Hope and Doubt

In the morning with my Lord at Whitehall, got the order of the Council for us to act.
From thence to Westminster Hall, and there met with the Doctor that shewed us so much kindness at the Hague, and took him to the Sun tavern, and drank with him.
So to my Lord’s and dined with W. Howe and Sarah, thinking it might be the last time that I might dine with them together.
In the afternoon my Lord and I, and Mr.
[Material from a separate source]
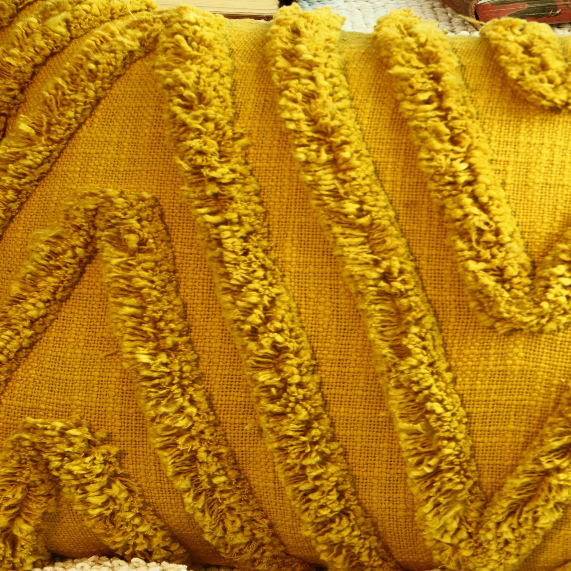 Yellow Boho Moroccan Tassels Cushion Cover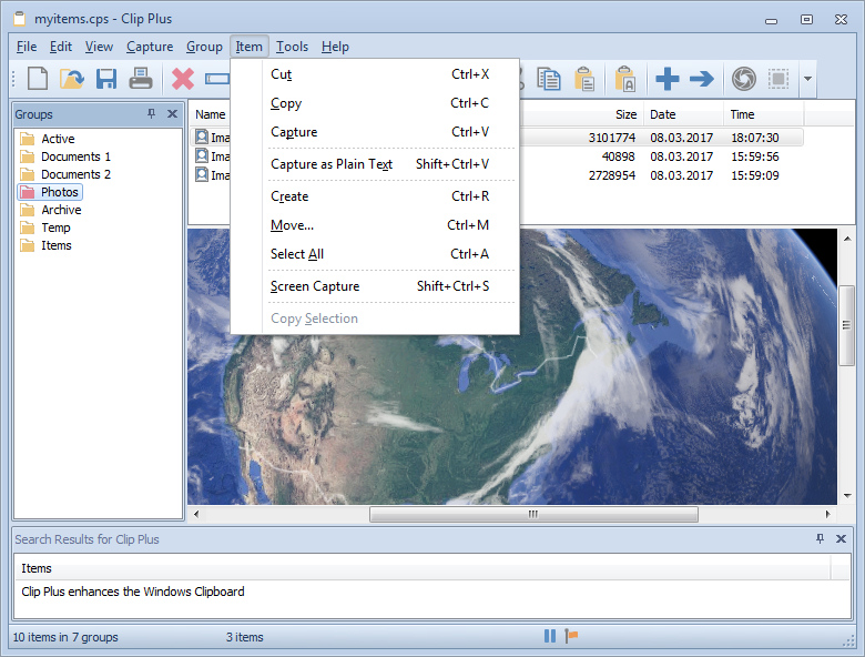 A tray icon provides quick access to the program and indicates whether you're in capture or pause mode. Then click mto open the main screen where your items are stored. You can create and save groups of items in the program, and save individual text and graphic items.

Coventry and Sir G. Carteret, went and took possession of the Navy Office, whereby my mind was a little cheered, but my hopes not great.
From thence Sir G. Carteret and I to the Treasurer’s Office, where he set some things in order. And so home, calling upon Sir Geoffry Palmer, who did give me advice about my patent, which put me to some doubt to know what to do, Barlow being alive.
Afterwards called at Mr. Pim’s, about getting me a coat of velvet, and he took me to the Half Moon, and the house so full that we staid above half an hour before we could get anything. So to my Lord’s, where in the dark W. Howe and I did sing extemporys, and I find by use that we are able to sing a bass and a treble pretty well. So home, and to bed.

I dine with hope and doubt
in a coat of velvet.
Half moon, half dark,
we sing bass and treble.


Erasure poem derived from The Diary of Samuel Pepys, Friday 6 July 1660.